"Chuck Davis" <newsgroup at anthemwebs dot com> wrote in message
I would buy an external hard drive. They are connected via USB. A
300 GB drive can be bought for about 80USD. You didn't mention your
version of Windows, but Windows XP Pro already has a backup
program, that will back up your data and system settings. It will
make incremental backups. If you are using Windows XP Home, you can
Google search for ntbackup.msi file.
It's not normally necessary to download ntbackup, even with XP Home.
It comes with both Professional and Home. Backup is installed
automatically on XP Professional, but not on XP Home. If you have
the complete XP Home CD, find backup on the CD, in
\ValueAdd\MSFT\NTBACKUP and install it yourself by doubleclicking
the file ntbackup.msi. But if you don't have an XP CD, you can download
ntbackup.msi at
http://www.onecomputerguy.com/software/ntbackup.msi.
However, as backup programs go, this is perhaps the [poorest choice
available, and almost any third-party choice, such as Acronis True
Image, is better.
--
Ken Blake - Microsoft MVP Windows: Shell/User
Please reply to the newsgroup
Download and install. This version will not backup system settings,
but is otherwise identical.
Would Acronis be a good program to use if I'm going to clean my HD,
instead of backing up files on CDs?
I use Roxio, and cannot for the life of me figure out how to put
in a CD with say A-D files on it, and add anything new to it
without replicating those already burned.
Also, it take 3-6 CDs, and right now I want to back up my C Drive
(only one I use for documents) and do it daily, instead of now and
then. How do I accomplish this easy backup on a daily basis?

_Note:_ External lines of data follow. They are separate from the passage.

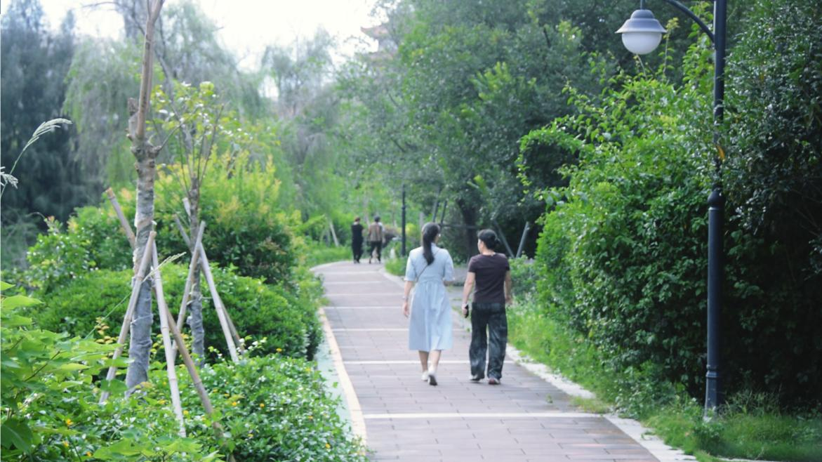 在台屿河公园散步的居民
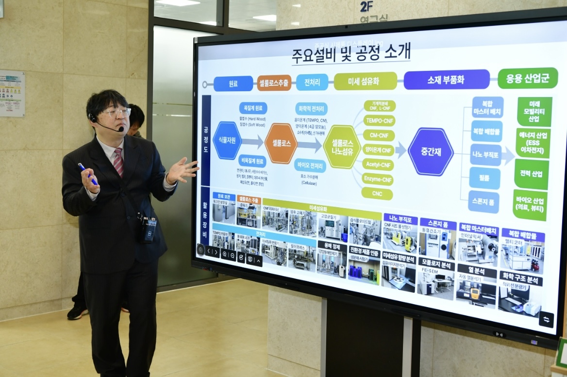 산업화센터는 총사업비 224억 원으로 부지 3000㎡에 전체 면적 2787㎡ 규모로 친환경 고기능성 나노 섬유 소재(CNF) 기반 시험·평가·제품화 지원 시스템을 갖춘 국내 유일의 나노 셀룰로스 산업화 기반 시설로 구축됐다.
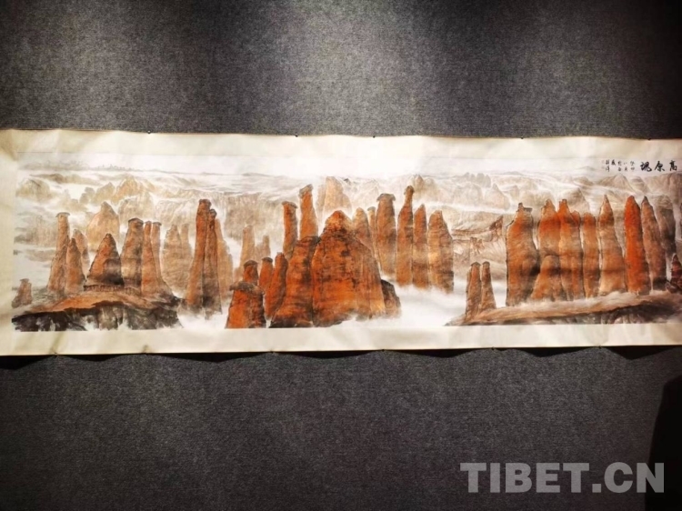 中国西藏网讯 10月29日,“中华民族共同体意识视域下西藏系列刘洋国画作品展”在拉萨开展。此次画展为西藏自治区2023年度文艺创作扶持项目,以“山川藏痕”为主题,由西藏自然科学博物馆,西藏宫桑曲印文化科技有限公司承办。此次展览也是西藏艺术家以中国画笔法展示西藏山水自然风光等题材的画展。
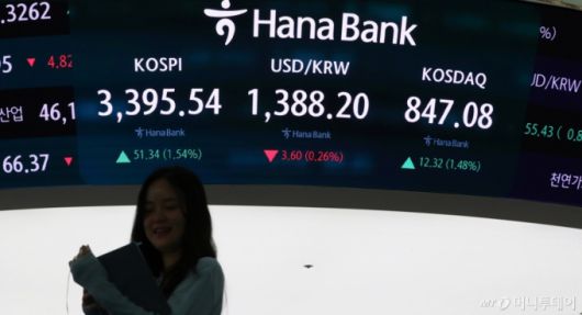 코스피가 전 거래일(3344.20)보다 51.34포인트(1.54%) 오른 3395.54에 장을 마감한 12일 오후 서울 중구 하나은행 딜링룸 전광판에 지수가 표시 되고 있다. /사진=뉴시스 |
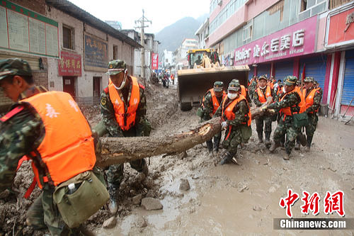 圖:武警官兵在舟曲進(jìn)行清淤救援行動(dòng)

I just ran 'xcopy /e /c /h /o c: h: and it copies everything
I had from drive c to h.
Not exactly.
My question now is, did it copy anything that was needed to boot
that drive to the mbr or whereever, so that if I tried to boot
from drive H (this is a separate physical drive) that it would
in fact boot?
Nope. Xcopy isn't capable of doing this.
I have the feeling even though xcopy is a great thing it misses
those tiny things that will permit a new drive to boot up after
a current system was transferred to it.
Critical boot files in precise locations aren't actually tiny
things. Xcopy is simply the wrong tool.
Any comments guys on what I did? Perhaps there is a better way
but I thought that where I have this second drive already
mounted in the computer and it would take the place of the old
drive, why not xcopy everything over from one to the other??
Did I do wrong..??
You need to use a disk cloning utility, which will copy *all* of
the files including the ones you do not have access to, and put
the critical boot files in the precise locations they need to be.
I use Acronis True Image with good success, and it has a free
15-day trial.
http://www.acronis.com/
And as a bonus, you'll probably find that cloning/imaging takes
significantly less time than running xcopy, sometimes hours less.